Spenser had spent half the day knocking on doors up and down Seth Hamill’s street, talking to all of his neighbors, hoping and praying she would find somebody who saw Layla Li at his house on the fourteenth. More specifically, saw her there at 9:38 in the morning. She’d struck out at every turn, though. Nobody had seen a thing. They were all sorry to hear about what happened to him—by all accounts, he was a good neighbor—but nobody was able to tell her anything that proved helpful to Spenser’s case.
If Spenser couldn’t put Layla in the hoodie, slipping into Hamill’s house when he wasn’t home, the uphill climb to put that needle in her hand got even steeper. It made it even more likely that she was going to walk and never be held to account for murdering Seth Hamill. It was a thought that turned her stomach. As much as she pitied Layla for the pain and humiliation she suffered at the man’s hands, she murdered him. And no amount of sympathy would ever get Spenser to turn the other way.
But having struck out on Hamill’s street, the road to justice got a lot rockier. She was going to have to find a way to make the case. The trouble was, with what they had, Spenser wasn’t certain they were going to be able to do that. Everything they had was circumstantial at best. At worst, it could be flipped around and turned into something meaningless. In a court of law, words meant little. Suppositions and gut feelings meant even less. Actions that were backed up by physical evidence were what mattered. And at the moment, they had plenty of words and suppositions but precious little in the way of physical evidence.

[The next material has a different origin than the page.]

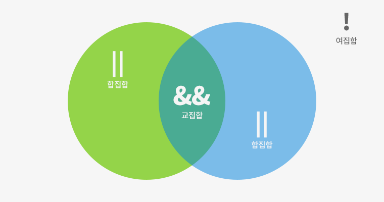 &&): 하나라도 거짓이면 거짓, 모두 참이어야 참 (이항연산자) - 합집합 (

Frustrated, Spenser was walking back to the Bronco when she was stopped by an older woman who was walking her small dog, a Yorkie. Smiling, Spenser squatted down and gave the dog a scratch behind the ears. The dog leaned into her, eating up the attention.

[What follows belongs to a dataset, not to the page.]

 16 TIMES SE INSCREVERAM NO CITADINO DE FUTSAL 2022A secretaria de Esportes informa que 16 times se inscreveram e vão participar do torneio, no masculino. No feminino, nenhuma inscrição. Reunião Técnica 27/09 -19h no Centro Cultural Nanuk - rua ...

“Bernice likes you,” the woman said.
“She’s adorable.”
Standing up again, Spenser took in the woman before her. She was a small thing, no more than five-three, with iron gray hair that was cut short, soft pale skin, and rich azure eyes. The woman’s face was smooth and barely lined, making her actual age difficult to determine, but there was something about her, a certain wisdom in her bearing perhaps, that made Spenser think she was somewhere in her seventies. Maybe. Although, Spenser wasn’t an expert on age, so it was just as possible she was in her fifties. She sort of reminded Spenser of that actress Jessica Tandy in Driving Miss Daisy. A little, anyway.
“I think it’s terrible,” the woman said.
“What’s that?”
“What that horrible man Rafe Johansen is doing to you,” she replied.
“Oh. That. Well, I can’t control what they do,” Spenser said. “I can only control how I react to them, and what I do. And at the moment, all I can do is my job.”
“That’s what I like most about you, Sheriff. You’re a no-nonsense, take the bull by the horns kind of woman. You’re a terrific role model for the kids in this town. And if I’m being honest, it’s about time we had a role model in your job.”
“Well, thank you, Mrs.—”
“Mrs. Belton. Anna Belton,” she replied. “I’m single now, my husband Andrew passed away a few years back, but we were married fifty years, so as far as I’m concerned, I’ll never not be his wife, so I’m always going to be Mrs. Andrew Belton.”